Funnily enough I went to Kew Gardens last week for the Swing in the park season and saw the Bootleg Beatles (2nd time I've seen them), anybody interested in the Beatles music should go and see them, they are, well only one word for it......fab.

My mum wasn't wrong about the ticket prices just unearthed these posters on google, have no recollection of the support we must have seen:doublesho


----------



## little john

I was a late starter when it comes to concerts I can remember 15th July 2000 and the 16th July 2000 both Oasis dates at the Reebok, I had tried for the Maine Road tickets but they sold out before I got through I was useing the payphone at college to phone and missed a maths lesson trying.

Was it volentary? not really I work at the Reebok so got paid to work then went and watched the concert for free We even got the see the Mondays doing their sound check etc. But If I hadnt been working there I would have been there anyway.


----------



## bmw320i

This was my first! Just moved to the UK from Africa and was loving every moment of this gig!


17/08/1991 
AC/DC, Metallica, Motley Crue, Queensryche, The Black Crowes 

Was the start of many more.........................


----------



## Pieface876

First band I saw through choice was Funeral For a Friend, supported by Fightstar and Beyond All Reason. This was in Liverpool University.
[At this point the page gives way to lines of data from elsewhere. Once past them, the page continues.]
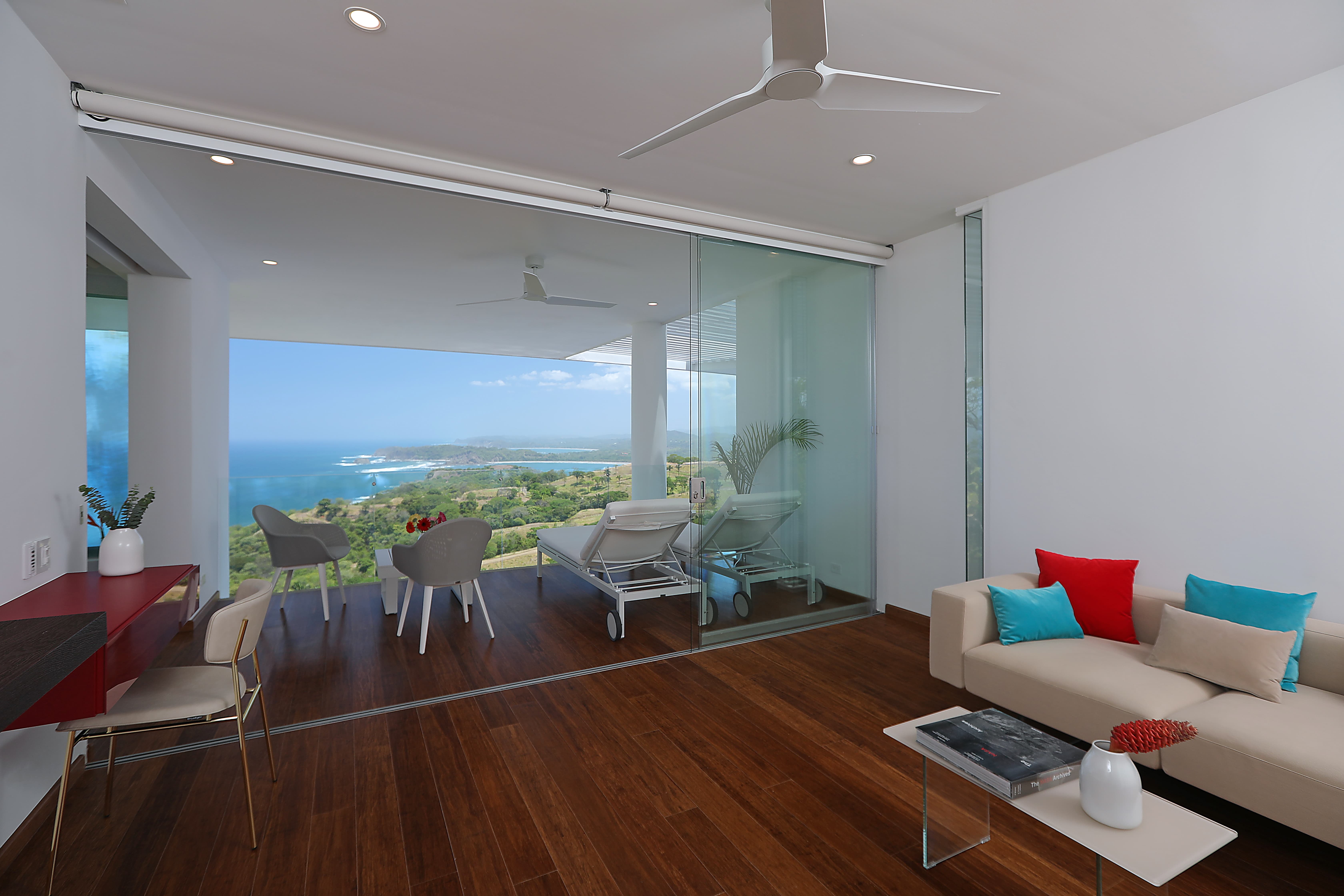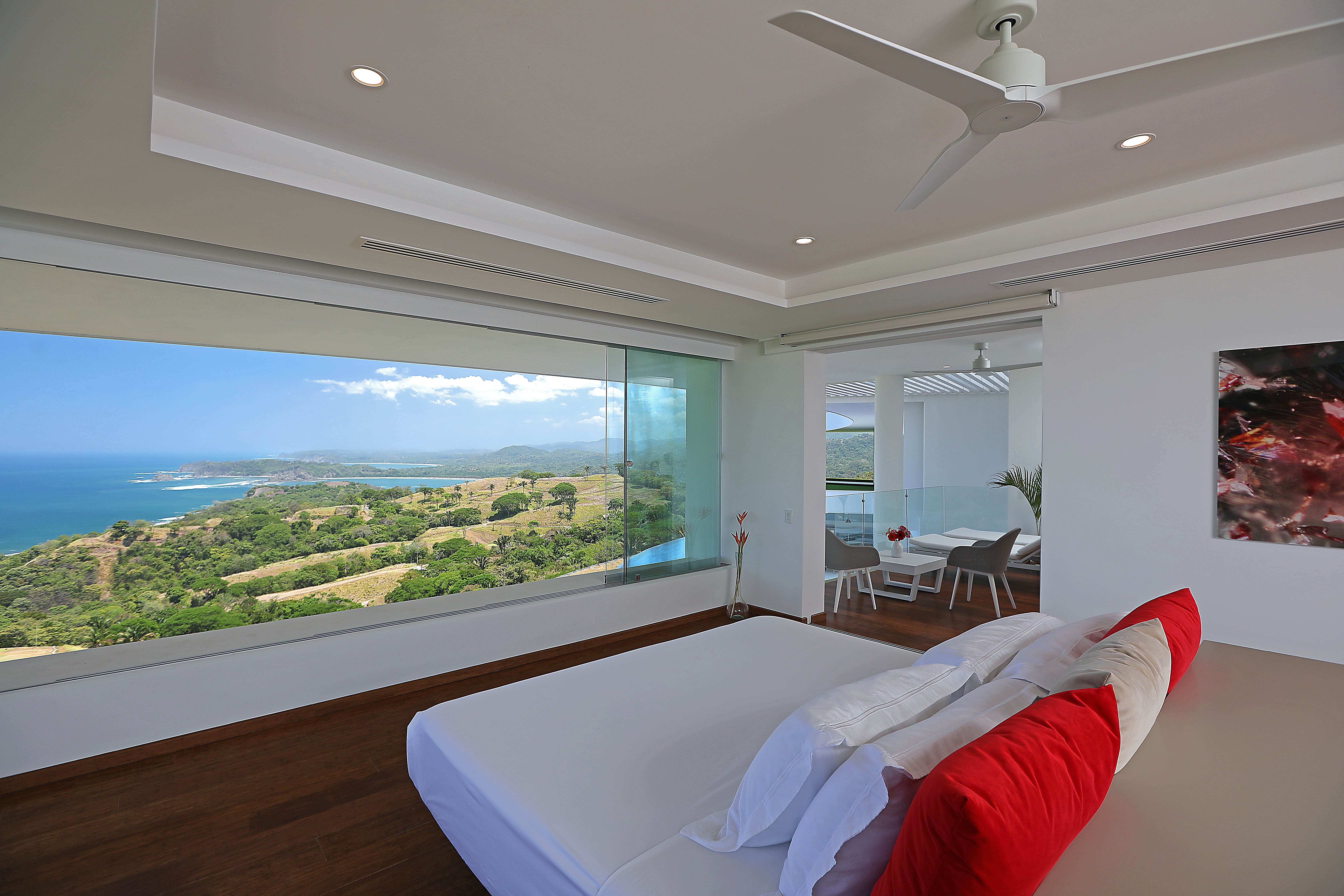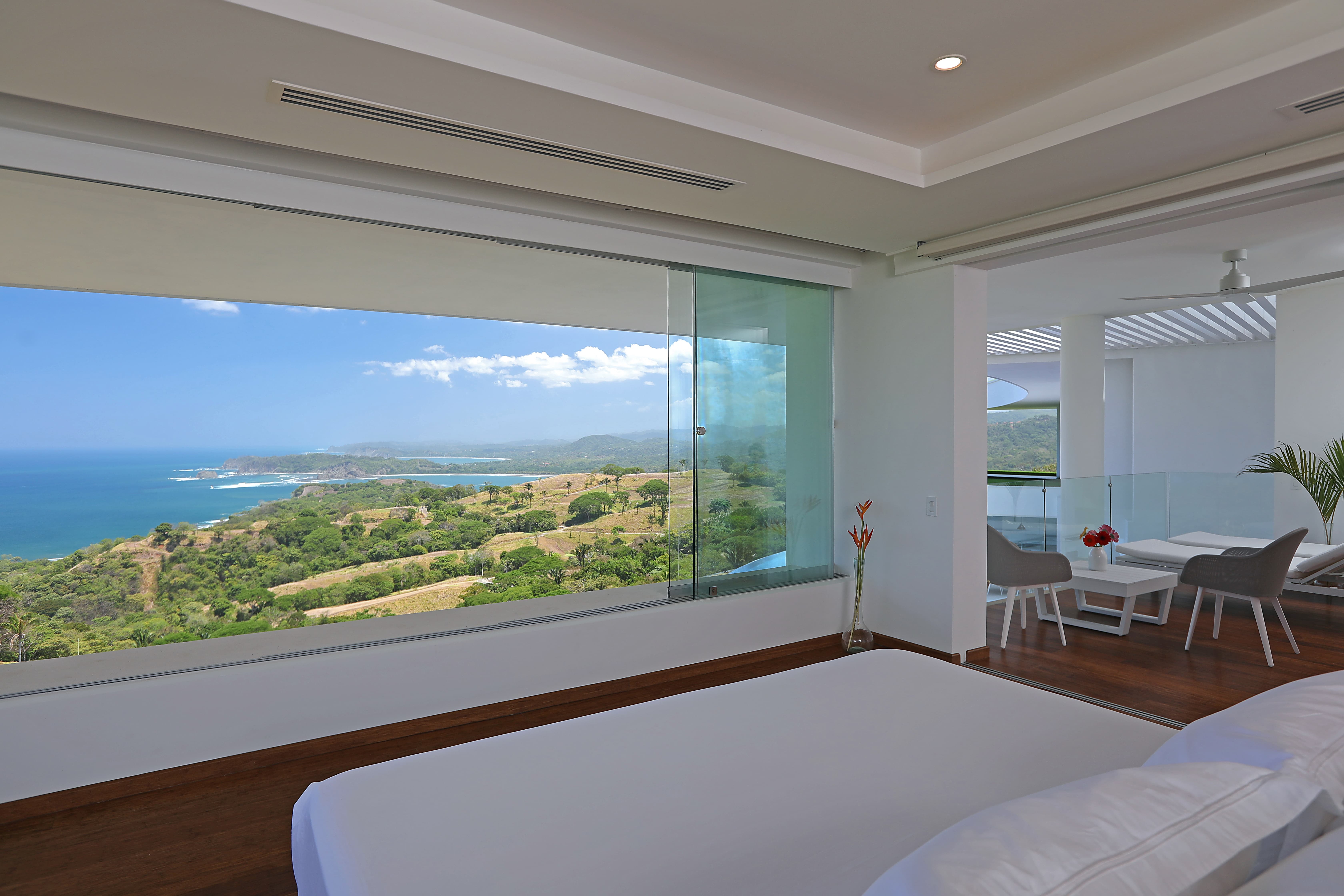 All suites are equipped with air conditioning and ceiling fans to maintain a comfortable climate year-round. Large windows and open-air architecture allow natural breezes from the Pacific Ocean to circulate through the living spaces.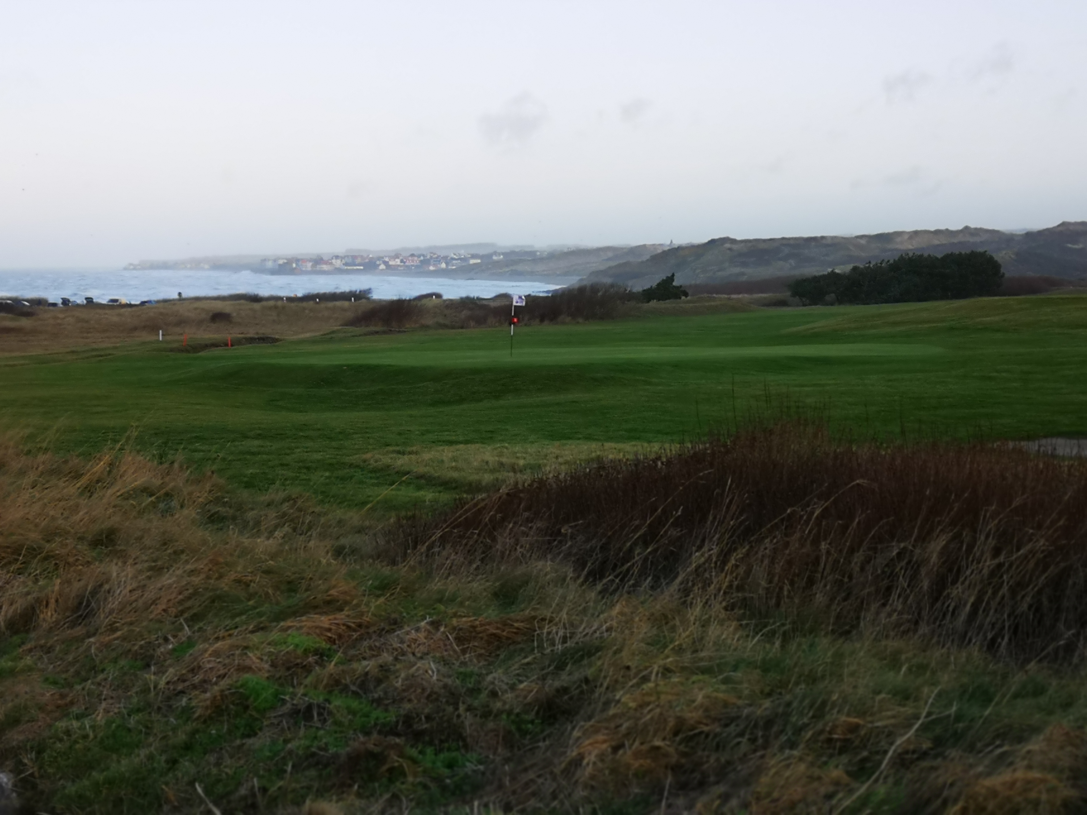 Ce pourrait être un joli parcours de golf, mais il pleuvait si fort que je ne pouvais pas voir le parcours, avec une vue magnifique sur la mer.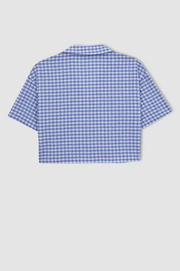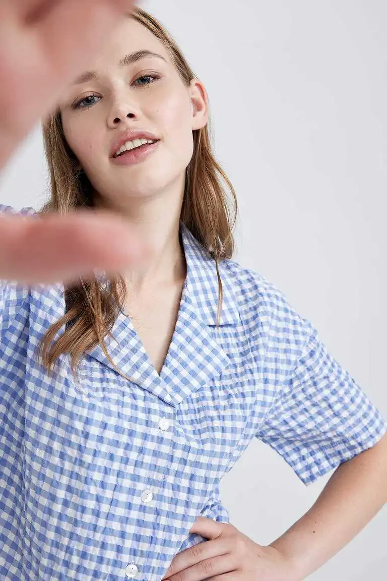 Преимущества Coool Oversize Пижамная Рубашка с Воротником, Кринкл, Клетка, Короткий Рукав, Синий:
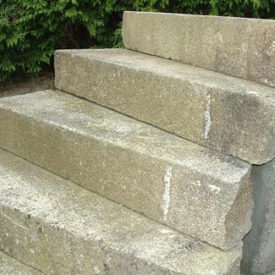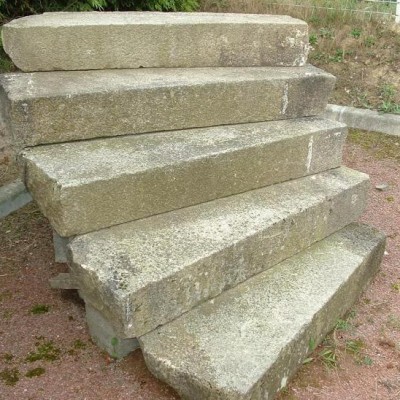 BCA Ref 00022: Job lot of 11 antique steps in granite. Can be used for stairs, or aligned for a long change of level. The 11 stair treads aren't all shown on the photos. Dimensions : step height 17cm (7 inches), tread width 120cm (48 inches).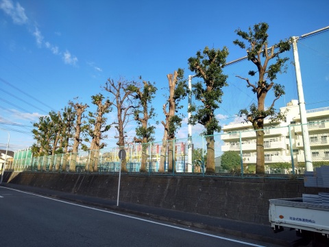 コメント:ウォーキングの途中の小学校の南側の道路を歩いていると、枝葉を落とされて痛々しい姿の樹々を見つけました。この時、頭の中で「どうしてこんなことに・・なにがあったのか・・かわいそうに」と思いました。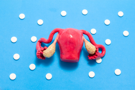 3D anatomical model of uterus with ovaries is on blue background surrounded by white pills as ornament polka dots. Medical concept by pharmacological tableted treating of uterus disease, chemotherapy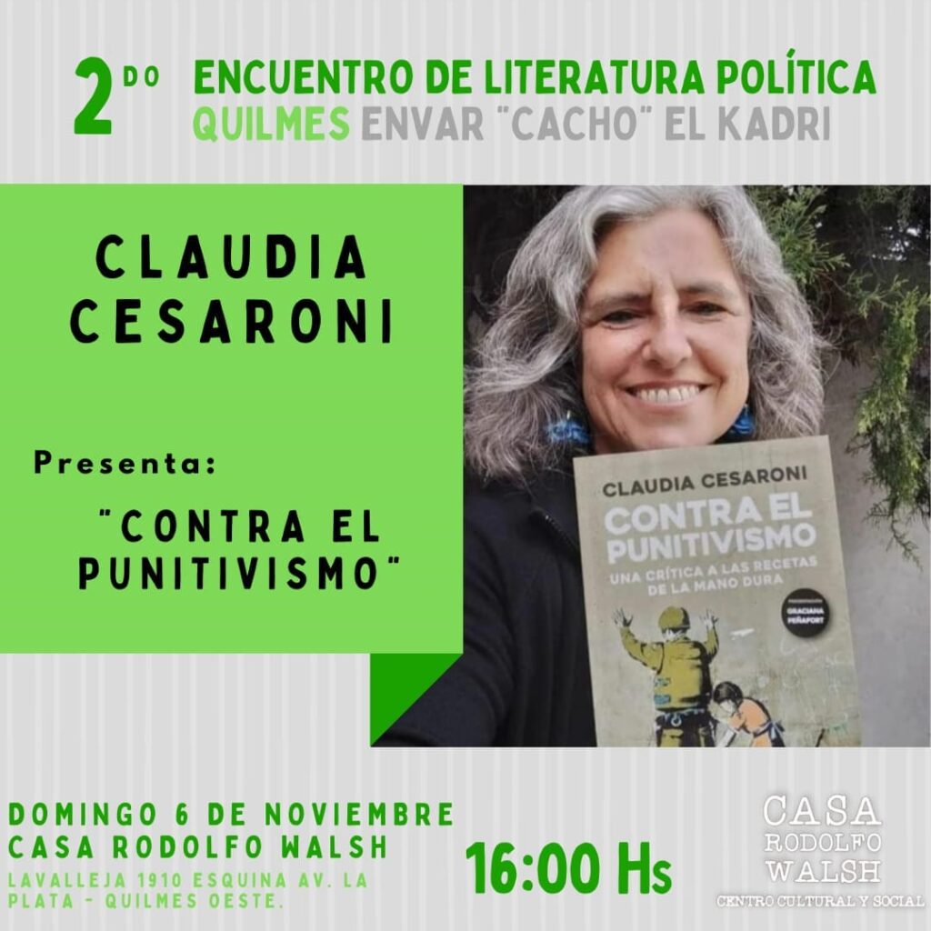 (CIQ) En el Centro Cultural y Social Casa Rodolfo Walsh tendrá lugar la tercera jornada del 2° Encuentro de Literatura Política Envar Cacho El Kadri, declarado de interés municipal por el Concejo Deliberante.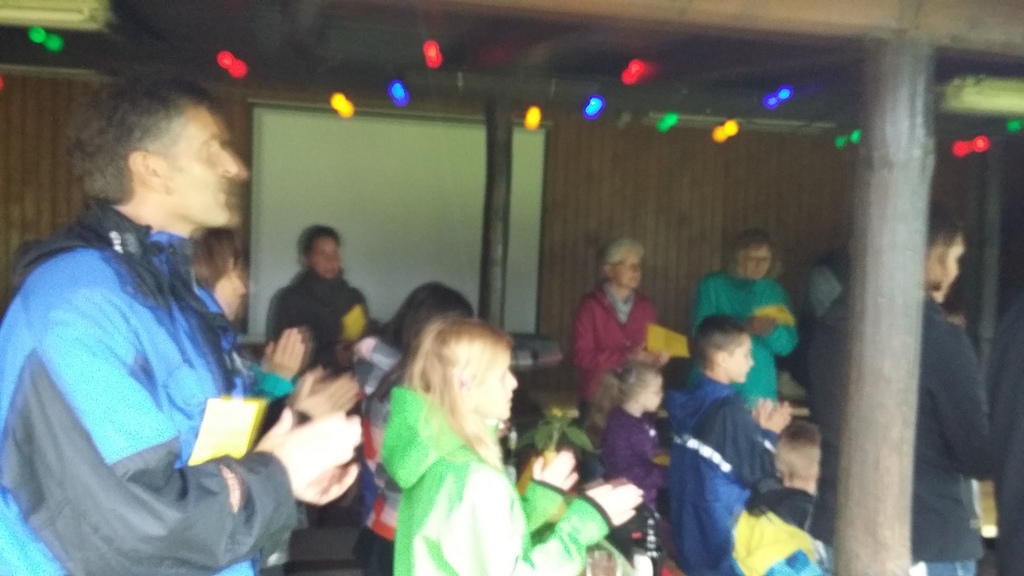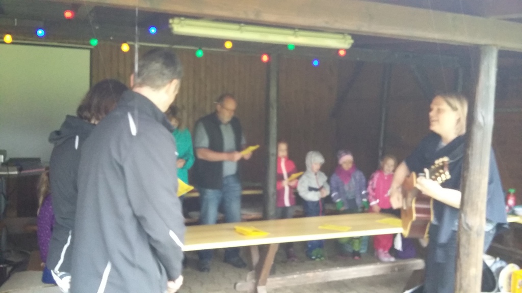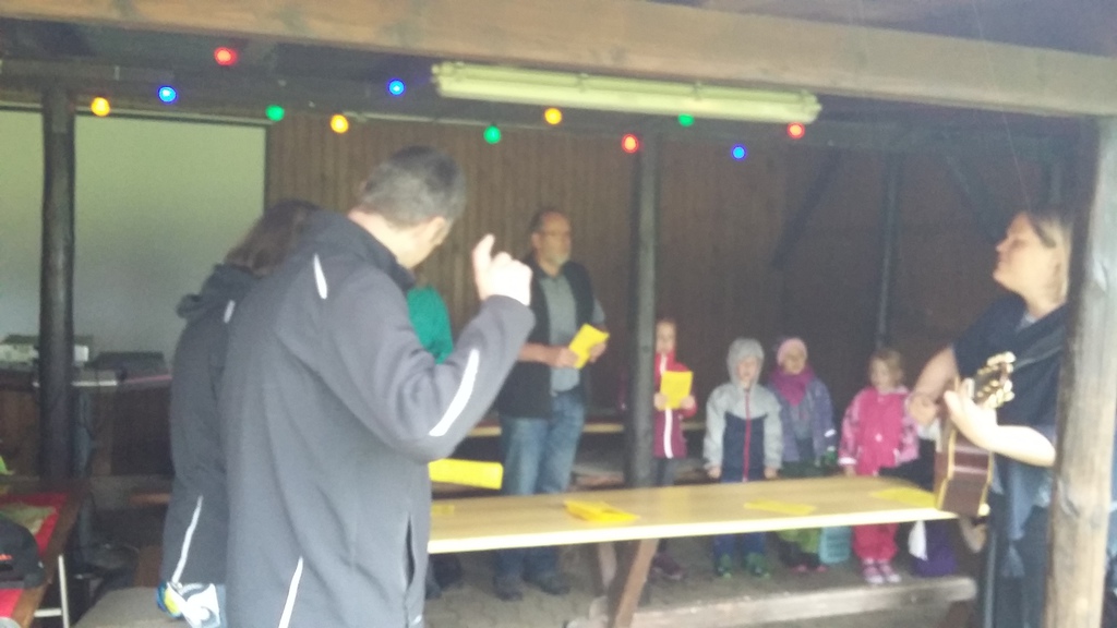 Trotz durchgehendem Regen hatten sich die wetterfesten Bewohner des oberen Kyrbachtals auf dem Grillplatz in Todenroth getroffen, um das diesjährige Abschlussfest des Kindersommers zu feiern. Nach einem wunderschön gestalteten Kindergottesdienst durch Pfarrerin Menzel mit Donner aus der Büchse und Mitmachbewegungsmusik wurde gemeinsam gegessen und (im Regen) gespielt.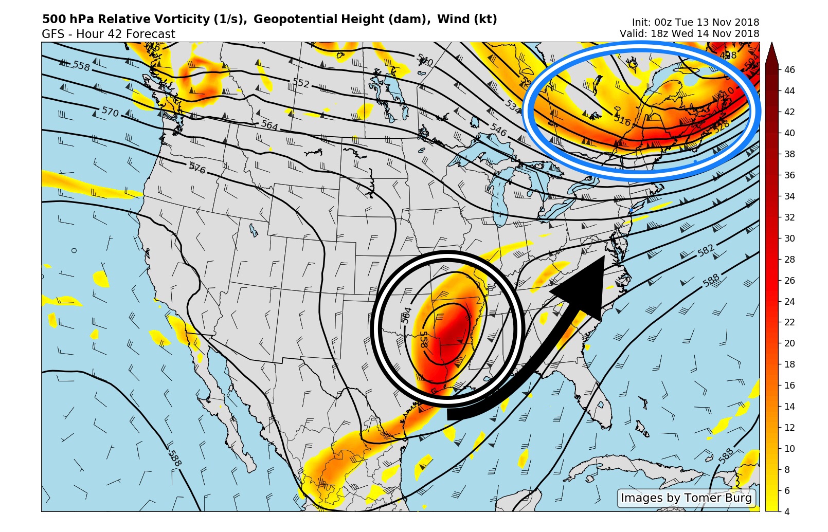 Cold air will be reinforced as the system approaches via a deep trough in Southeast Canada.

First band I ever saw though was Another Level in Downtown Disney, Florida.


----------



## Geetarman

Was probably be Ocean Colour Scene, Cast & Oasis on Irvine Beach somewhere around '95 maybes, unless you count the Boo Radleys and Texas at a Radio one roadshow?


----------



## geert dr

First band i saw was AC/DC , can't remember the year ,late eighties i think !
Had a peeping noise in my ears for about 2 days !


----------



## DPN

The Smashing pumpkins @ Summerfest Milwaukee USA


----------



## johnbuck

Def Leppard at the Speakeasy in Middlesbrough about 1979


----------



## alan hanson

late starter kings of leon


----------



## one_question

Saw Foreigner on their Agent Provocateur tour in about 1985. It was at the NEC and I can’t remember who the support was. I just remember them saying their name and the whole crowd seemed to shout back “who?”. I know the band said their name again and got a similar response – so gave up trying to give their name. I thought that it was Aerosmith – but having done a wikipedia – this seems unlikely. I do know that they then became quite ‘big’ afterwards though.

I’ve been to see various groups. I think that the best one visually must have been Pink Floyd at Maine Road whilst the best performers must have been Genesis at Roundhay Park – saw them twice,


----------



## Mars Red Mike

Morbid Angel I think was the first band I ever saw live, at JB's in Dudley


----------



## Mars Red Mike

one_question said:


> I've been to see various groups. I think that the best one visually must have been Pink Floyd at Maine Road


jammy sod


----------



## BigErn

I used to go to watch a lot of local rock bands and bloody loved it but never saw any "famous" bands till a month or so ago where I went to see Oasis at the Stadium Of Light.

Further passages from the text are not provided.